We have generally found middleware to be the right place to setup such actions. However, not adding the right checks at the outset can make the CMS very slow. As a result, most of our middlewares customization code is within check blocks such as the following:

//Perform tasks only if this 
//is a page 
//type create or update
if (isContentTypeX && isPublished 
  && (actionType == "CREATE" 
  || actionType == "UPDATE"))
{
  //Do things only if the page 
  //has Enviornment and 
  //Name values available
  if (ctx.response.body 
    && ctx.response.body.Environment 
    && ctx.response.body.name)
  {
    ...
    ...
  }
}

CMS customizations that can get complicated with Strapi

Below are some of the changes that I experienced to be non-trivial to implement with the Strapi CMS.

Custom content publishing workflow:

The content publishing workflow at my client’s was simple and mirrored Strapi admin’s single-step publishing workflow (Save as Draft -> Publish).

But, I observed that there is no easy way to customize the content publishing workflow (eg : Save as Draft -> Under Review -> Approved -> Publish). By overriding the Strapi admin code, I was able to add additional buttons to mirror a custom publishing workflow. But, I do not know if there is a way to add custom stages, hooks for the custom stages for the content, access control around the custom workflow.

Non cosmetic Strapi admin UI modifications:

I was able to achieve cosmetic admin UI modifications (like changing the logo image or welcome message) with ease. But, changes beyond such cosmetic alterations required a thorough understanding of the Strapi admin UI code, for which no adequate documentation is available. This made implementing such changes cumbersome and error-prone.

For example, modifying how the Strapi admin allows to re-order components within a dynamic zone (as raised here)can be complicated because it requires understanding how the Strapi admin code performs this and then overriding / adding to the admin UI functionality.

Ordering components within a dynamic zone

Ordering components within a dynamic zone

Handling schema updates

When the model for a Content Type or a Single Type is altered by adding or removing the fields to it, there is no in-build mechanism or hook to specify how the schema change needs to be handled for the already existing data.

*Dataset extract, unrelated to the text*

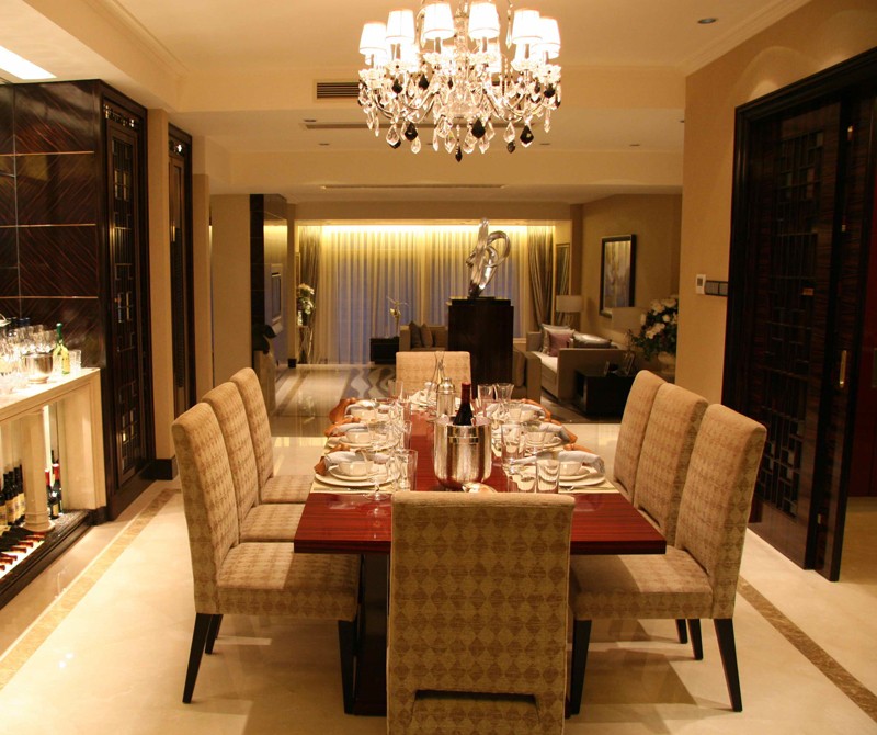 現代簡約風更注重空間的合理布局,用簡單的裝飾打造最舒適的家居氛圍。客廳和廚房同處于一片空間,中間沒有設置隔斷,所以為了保持裝修風格的一致性,餐廳使用的桌椅和客廳的沙發,屬于同一色系,同一風格的家具。

This required us to plan the model changes and write custom scripts to handle the changes for the existing data. We also backed-up our data before and end of the custom-scripts execution. I suspect this could become a potential concern as our setup grows older and contains more legacy data.

Building the CMS solution on top of the existing data

Unlike many of the CMS solutions, Strapi maintains the data schema in-code. How this in-code schema is represented within the database is handled by the Strapi framework. This means, Strapi cannot directly be setup on top of an existing CMS database.

For our implementation, the amount of data in the legacy CMS database was limited. So, we migrated it manually by creating new records via the Strapi CMS admin UI. In case if the legacy CMS data would be large in quantity, we would have written custom scripts to read the rows of data and invoke Strapi CMS APIs to insert it into the Strapi CMS system.

Strapi version upgrade

Since we started our implementation, Strapi has released a major upgrade with Strapi CMS 4. However, we found upgrading from v3.6.6 to v4.0 isn’t straight forward. It breaks our admin UI specific customizations as well as the custom plugins we wrote.

We plan to upgrade in the near future by carefully handling the breaking changes. But, this experience leads me to conclude that the future Strapi major version upgrades may result in breaking changes and will not be straight forward to execute.

Conclusion

Strapi offers a very lucrative mix of ready-to-use features and customization capabilities via hooks, middlewares and plugins. That stated, any customization that cannot be setup via these capabilities can be complicated to implement. This makes it imperative to evaluate one’s must-have CMS requirements against Strapi’s customization capabilities.